> _Required work_: In the records below, begin at the line containing "Kat calls for" and end at the line containing "Cross pendant with"; quote every line in that span exactly, including both boundary lines, and no others.

> _Materials provided_:

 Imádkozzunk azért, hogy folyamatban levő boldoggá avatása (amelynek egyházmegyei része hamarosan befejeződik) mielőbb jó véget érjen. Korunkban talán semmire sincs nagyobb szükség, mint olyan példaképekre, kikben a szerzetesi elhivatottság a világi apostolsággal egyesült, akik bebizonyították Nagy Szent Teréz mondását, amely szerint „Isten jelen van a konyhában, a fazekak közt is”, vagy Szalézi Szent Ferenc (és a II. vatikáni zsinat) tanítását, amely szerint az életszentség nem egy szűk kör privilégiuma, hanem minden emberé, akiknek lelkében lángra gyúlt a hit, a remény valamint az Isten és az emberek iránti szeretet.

* * *

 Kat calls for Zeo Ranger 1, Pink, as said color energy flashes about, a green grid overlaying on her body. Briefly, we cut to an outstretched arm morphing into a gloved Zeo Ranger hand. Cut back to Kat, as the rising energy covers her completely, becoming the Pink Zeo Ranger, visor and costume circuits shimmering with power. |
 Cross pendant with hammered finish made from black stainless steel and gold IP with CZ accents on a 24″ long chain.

> _Answer to this exercise_:
 Kat calls for Zeo Ranger 1, Pink, as said color energy flashes about, a green grid overlaying on her body. Briefly, we cut to an outstretched arm morphing into a gloved Zeo Ranger hand. Cut back to Kat, as the rising energy covers her completely, becoming the Pink Zeo Ranger, visor and costume circuits shimmering with power. |
 Cross pendant with hammered finish made from black stainless steel and gold IP with CZ accents on a 24″ long chain.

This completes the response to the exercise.